# lifespan of MM g porteri?



## ducks (Mar 28, 2010)

How long is it usual for a MM G porteri to live - and are there any signs of them being ready to go, or do they just curl up and die, as it were?

The boy's first T (Cedric, and no, I don't know why) is coming up for two years since his moult into an MM, and I wondered how long they typically live? I've found rough ideas, but nothing very species specific...


----------



## Poxicator (Nov 14, 2007)

Really depends how well its kept. Some people seem to decide their males will die off almost as soon as they mature. But, with watering and small feeding they last quite a while.
Grammostola, Brachypelma and Aphonopelma are likely to live a maximum of 3 years as MM, however there are always instances where they live even longer than that. The nail in the coffin is if they try to moult again.


----------



## spidersnake (Dec 1, 2009)

Males of nearly all species usually live 5-7 years.


----------



## Craig Mackay (Feb 2, 2009)

I have a MM G. porteri here that is pushing 4 years mature now. He's still making sperm webs, eating and drinking so he seems to be doing pretty well.


----------



## Stelios (Aug 28, 2009)

spidersnake said:


> Males of nearly all species usually live 5-7 years.


Piffle.


----------



## spidersnake (Dec 1, 2009)

spidersnake said:


> Males of nearly all species usually live 5-7 years.

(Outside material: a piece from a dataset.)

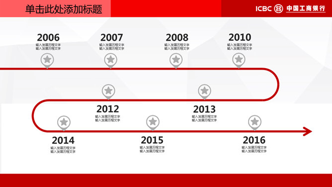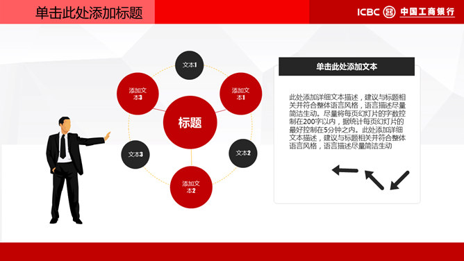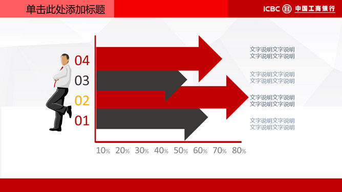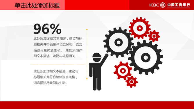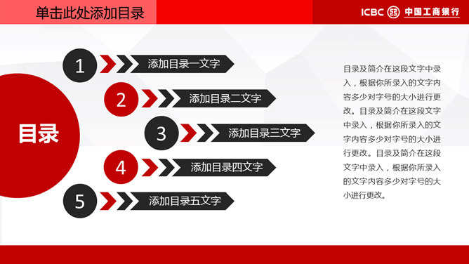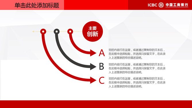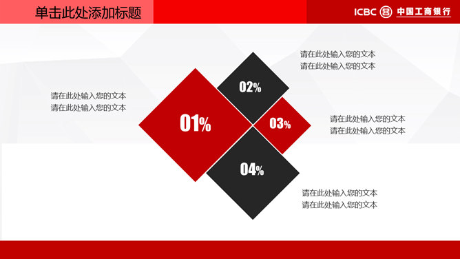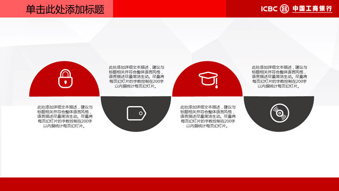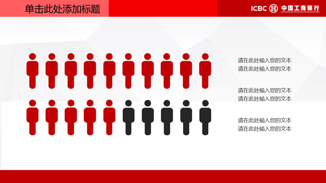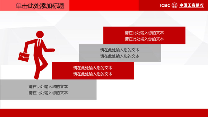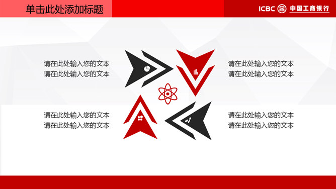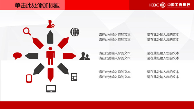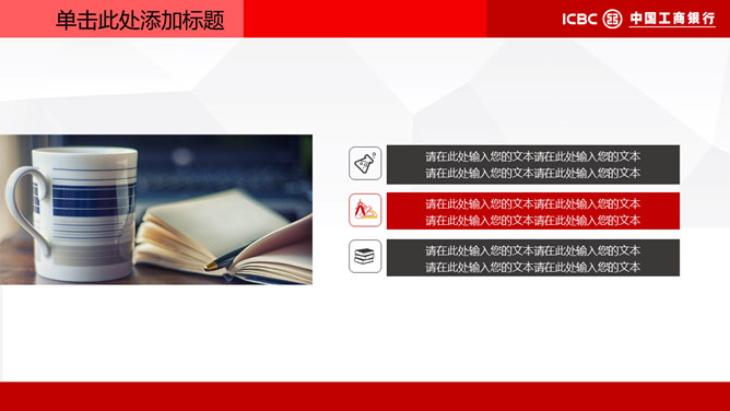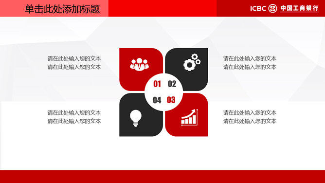 中国工商银行专用PPT模板。一套中国工商银行汇报报告专用幻灯片模板,采用工商银行logo和红色主题色设计。

I was only repeating what I have been told & read on many occasions. As I'm wrong I'll hold my hands up & admit my mistake.
So what is a reasonable life to expect from a male T?


----------



## 8and6 (Jan 19, 2010)

it varies vastly, as little as a year if you are lucky from species such as L.violaceopes,but G.porteri can live well in excess of 5 years if conditions are right


----------



## Craig Mackay (Feb 2, 2009)

spidersnake said:


> I was only repeating what I have been told & read on many occasions. As I'm wrong I'll hold my hands up & admit my mistake.
> So what is a reasonable life to expect from a male T?


The original poster is referring to males once they have matured. Do you mean a total life expectancy from sling? It's largely species dependent but also influenced by other factors such as feeding and temperature. It's often said, at least in captivity, that longevity may be closely linked to growth rate which can be influenced by the rate/amount of feeding and temperature. In some species males may reach maturity in 12-24 months and last between 0-18 months once mature. In other species, usually the slow growing ones like Grammostola, males can take 5-10 years to reach sexual maturity and once mature tend to live on a fair bit longer relatively. These figures are rough approximations and it can vary wildly both between and within species.


----------



## ducks (Mar 28, 2010)

Thanks guys; so I reckon Cedric has life in him yet  Nice to know.


----------